Add the diced ham and chipotle chile powder and stir in. Allow to simmer until beans are soft and are just beginning to break open, another 1 1/2 to 2 hours. Adjust seasoning to taste. Remove ham bone and pull any remaining ham from the bone and return to pot. Remove herb bundle and spice bundle, and serve.

Serves 4-6.



  1. says

    I love soups and this one sounds wonderful. We’re getting a blast of cold weather and I can see this being the perfect thing to warm us up. I often by “small red beans” for chili instead of larger kidney beans. I don’t know my beans well. I just go with what we like. Happy New Year!!

  2. says

    interesting as I share your same thoughts on ham,this year was my first ham ever that I made at Christmas although a tradition every year to do one in my family, never liked it growing up. This is a nice change to accompanying the beans. Sounds really good and healthy. :)

  3. says

    That looks and sounds really tasty, Alta! I’ve always loved ham, but NOT the salty, country ham. The sweet Virginia baked hams are my favorite. We just finished off a pot of soup I made using a leftover ham bone, Yukon gold potatoes, and black-eyed peas. Definitely soup weather. I have another ham bone to use in the near future … your recipe looks like a great alternative!

    Thanks, and Happy New Year, Alta!


  4. says

    Great recipe to use leftover ham. I still have some leftover ham but they’re in the freezer. I realized that I won’t be using them ahead of them. But thanks for the inspiration. It really good.

  5. says

    Ham and soup are such good friends. The thought of hot soup right now makes me feel a little ill though… today was 40 degrees C (104 F) so I think perhaps this recipe might have to be saved for a later date!

  6. says

    Alta, this looks great! I’ve never tried red beans in salty way. This is really an interesting flavour. Got to try it some time. Thanks for sharing.

  7. says

    I love the flavours in this soup, the coriander and cumin especially. I have some leftover ham, and once I get some more veg in, I’ll make this soup.

    Looks delicious.

  8. says

    I guess red beans are from all over, I used Louisiana red beans in a lot of dishes and red beans from Mexico. They are both small, flavorful and hold their shape when cooking. Very nice recipe with the spices.

  9. says

    That’s interesting about the beans – I wonder if these are the beans I should use in African dishes instead of kidney beans? Well, a bean by any other name would taste as delicious!!

  10. says

    Yum! THis is something perfect fot this cold weather! I love red beans and all the veggies you threw in there. I think I’ll try this without the ham, as it definitely looks hearty enough with all the yummy ingredients! Happy New Year!

  11. Patty Harman says

    Using a large (20 lb) ham from family holiday dinner – we use a hacksaw and cut the ham bone in two or three parts and freeze along with dripping from bottom of roasting ham and cut up leftover ham. It flavors two or 3 ham & bean soups through the winter months. I’m going to try adding celery and carrots, too. Patty

    • tastyeatsathome says

      glutenfreegidget – Awwww, I think I love you too!

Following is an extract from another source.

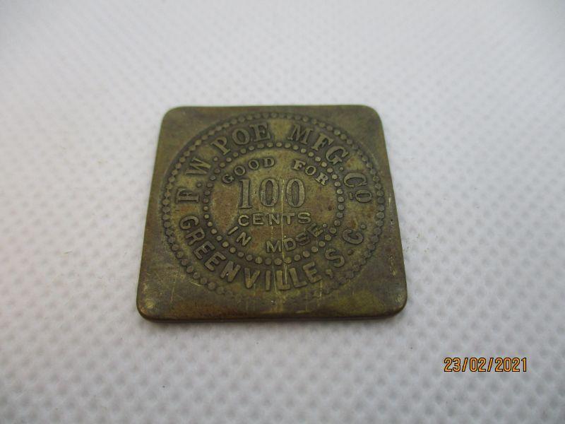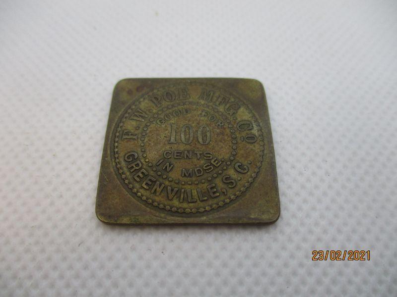 This token was good for 100 cents in the F.W. Poe Company Mercantile Store.

      Shirley@gfe – blackeyed peas, potato, and ham? Wow, sounds awesome!

      Conor – 104 degrees? Yuck! I wouldn’t want ham soup either. But when it’s cold enough for you to enjoy this soup where you are, I’ll be over here griping about the 100+ degree temps!

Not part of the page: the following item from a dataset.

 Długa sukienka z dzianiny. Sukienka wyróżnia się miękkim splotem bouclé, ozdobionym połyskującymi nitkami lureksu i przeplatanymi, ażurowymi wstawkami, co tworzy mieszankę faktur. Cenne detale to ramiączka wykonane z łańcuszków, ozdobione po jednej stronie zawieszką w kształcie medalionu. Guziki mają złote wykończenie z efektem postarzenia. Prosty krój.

      Noelle – I’ll be curious to see your minestrone, I love minestrone!

      Patty – Wow, I’m jealous of your 20 lb ham! I am here wishing I had another bone to make something else with.

      Linda, pegasuslegend, jenn, Divina, Sook, kristy, shirley, angie, lauren, simplylife, Drick, JodieMo, Cheah, Tasty Trix, Shelley Huang, MaryMoh, and TasteHongKong – Thank you!

  12. says

    Ah, so true about the ham bone. I don’t know what I’m more excited on the rare occasion we have a whole ham — the meat or the leftover bone! I love how it can be used in different kinds of soups. I can’t decide if I love it best in split pea soups or a Portuguese bean soup!